Introduction
Amyotrophic lateral sclerosis (ALS) remains a devastating neurodegenerative disorder, with limited disease-modifying therapies available. Among genetic subtypes, mutations in the superoxide dismutase 1 (SOD1) gene represent a significant cause of inherited ALS. Tofersen, an antisense oligonucleotide (ASO), targets SOD1 mRNA to reduce its expression, offering a precision medicine avenue for SOD1-ALS. While clinical trials have demonstrated tofersen’s safety and effects on cerebrospinal fluid biomarkers, direct evidence of its central nervous system (CNS) distribution and resultant molecular effects in human motor tissue has been lacking. This landmark autopsy tissue study provides critical insights into tofersen’s CNS penetrance and impact on SOD1 protein levels post intrathecal administration in individuals who participated in tofersen trials or expanded access programs.
Clinical Context and Unmet Need
ALS affects motor neurons critically, leading to progressive paralysis and death, usually within a few years of symptom onset. SOD1 mutations account for approximately 10-20% of familial ALS cases. Prior to the development of ASOs like tofersen, no treatments addressed the underlying genetic pathology. Given the challenges of delivering therapeutics efficiently across the blood-brain barrier and achieving sufficient motor neuron target engagement, confirming tofersen’s tissue distribution and SOD1 suppression in human CNS tissues is essential to validate its mechanism and optimize clinical use.
Study Design and Methods
This cross-sectional case series involved autopsy tissue from eight individuals with genetically confirmed SOD1-ALS who had received multiple intrathecal doses of tofersen (20 to 100 mg), enrolled in NIH-registered clinical trials or the Expanded Access Program between 2018 and 2026. Their families consented to postmortem tissue donation. Autopsies were performed at three prominent U.S. academic medical centers, incorporating comprehensive neuropathological evaluations. Tofersen concentrations in spinal cord and motor cortex tissues were quantified using hybridization ELISA. SOD1 mRNA and protein levels were assessed comparatively against a cohort of tofersen-naive SOD1-ALS controls using quantitative RT-PCR and ELISA assays. Histological analyses included immunohistochemistry and in situ hybridization to localize tofersen presence and SOD1 transcript abundance, alongside investigations of pathological SOD1 aggregates and immune cell infiltration.
Key Findings
Tissue concentration data demonstrated a strong correlation between tofersen levels in motor cortex and spinal cord with expected pharmacokinetic models based on individual dose histories, confirming reliable CNS penetration following intrathecal administration. Among three patients with recent dosing, SOD1 mRNA and protein reductions in lumbar spinal cord tissues ranged markedly from 45% to 84%. Remarkably, these reductions persisted despite missed final doses before death, denoting durable pharmacodynamic effects. Residual somatic motor neurons showed direct evidence of tofersen uptake and diminished SOD1 mRNA signals. Both treated and untreated SOD1-ALS tissues revealed misfolded SOD1 protein inclusions, consistent with disease pathology, indicating that tofersen reduces but does not completely eliminate pathogenic aggregates. Importantly, localized meningeal and perivascular lymphocytic responses were observed in five recently dosed individuals, absent in those whose last dosing had occurred remotely, suggesting transient immunologic effects potentially related to repeated intrathecal dosing.

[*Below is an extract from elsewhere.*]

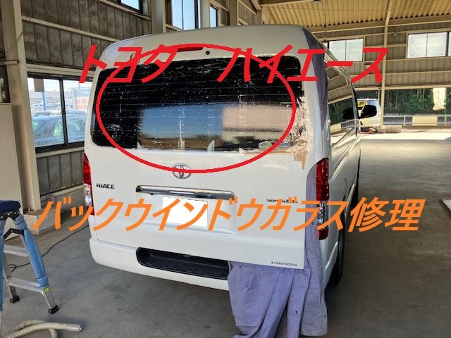 佐倉市|トヨタ ハイエース バックドアウインドウガラス 板金 鈑金 修理 キズ へこみ キズ修理 へこみ修理 取替 交換 保険 保険修理

Interpretation and Biological Plausibility
These autopsy findings validate preclinical and cerebrospinal fluid biomarker data, confirming that therapeutic intrathecal doses of tofersen achieve biologically meaningful CNS distribution and robust suppression of pathogenic SOD1 expression in critical motor neuron populations. The observed SOD1 protein reduction supports the molecular mechanism underlying tofersen’s disease-modifying potential. Persistent misfolded protein inclusions alongside low SOD1 mRNA levels imply residual pathology and the complex dynamics of protein aggregation and clearance. The transient lymphocytic infiltrates might reflect pharmacologic immune modulation or response to foreign nucleic acids, warranting further investigation into long-term safety.
Strengths and Limitations
This study leverages rare autopsy materials from well-characterized clinical trial participants, providing direct tissue evidence impossible to obtain otherwise. The robust correlation with dosing history and preclinical models enhances confidence in the ASO’s CNS kinetics. However, the modest sample size and heterogeneity in dosing intervals before death limit broad generalizability. Postmortem interval, patient variability, and disease stage might influence molecular measurements. Moreover, absence of longitudinal in vivo imaging or functional correlation limits integration with clinical outcomes.

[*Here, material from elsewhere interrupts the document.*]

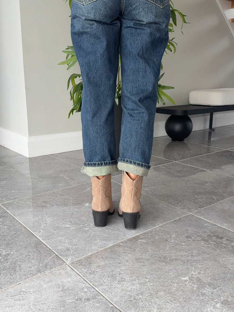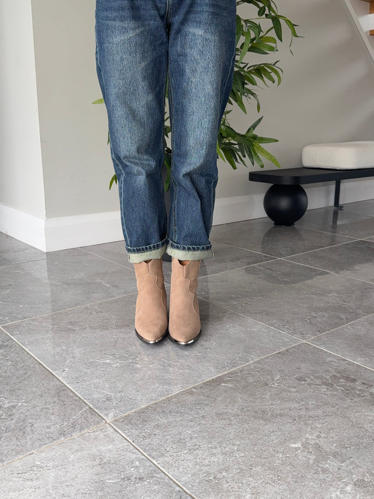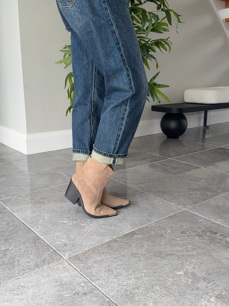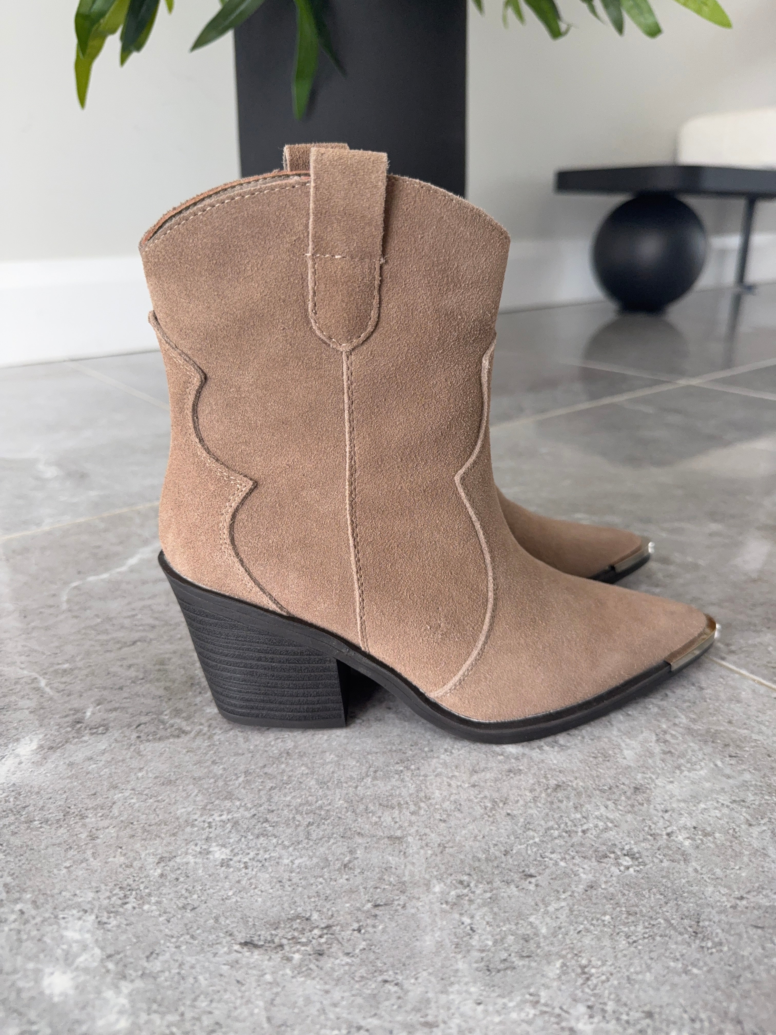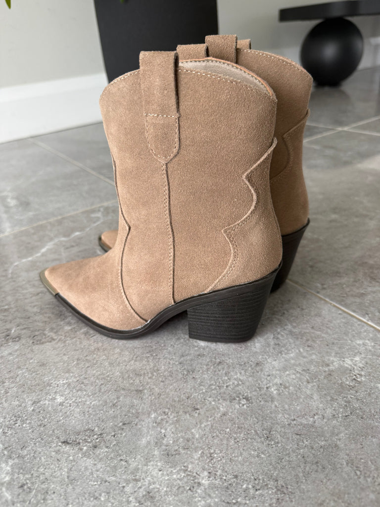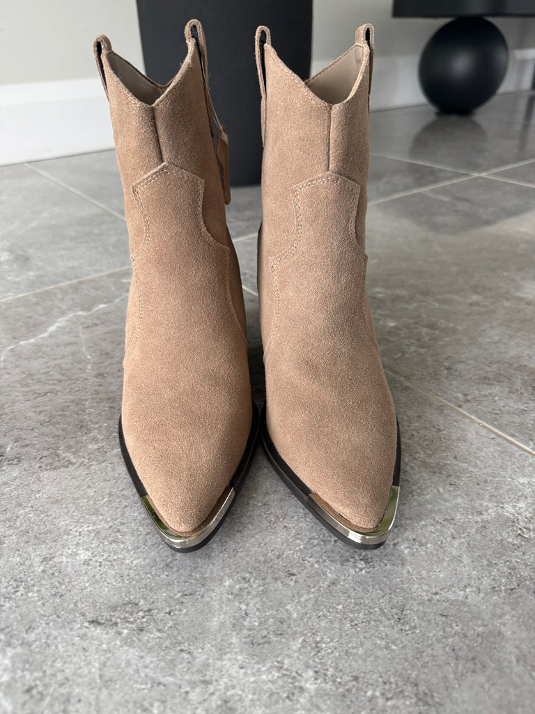 Ankle length taupe coloured western boots. Silver toe detailing, suede boots.

Clinical and Research Implications
By elucidating tofersen’s CNS distribution and confirming its target engagement at the molecular level in human motor system tissues, this study strengthens the therapeutic rationale for its use in SOD1-ALS and informs dosing strategies to maximize efficacy while monitoring safety. The observations of immune responses could guide monitoring protocols in clinical care. Future research should explore longitudinal clinical-pathological correlations, refine ASO delivery platforms, and investigate combinatorial strategies addressing residual protein aggregates.
Conclusion
The present autopsy tissue analysis from tofersen-treated SOD1-ALS patients affirms precise CNS delivery and strong SOD1 suppression within relevant somatic motor neurons. This translational evidence substantiates antisense oligonucleotide therapy as a viable disease-modifying approach for genetic ALS. Continued integration of clinical trial data with neuropathological findings will be critical to optimize patient outcomes and expand therapeutic frontiers in neurodegeneration.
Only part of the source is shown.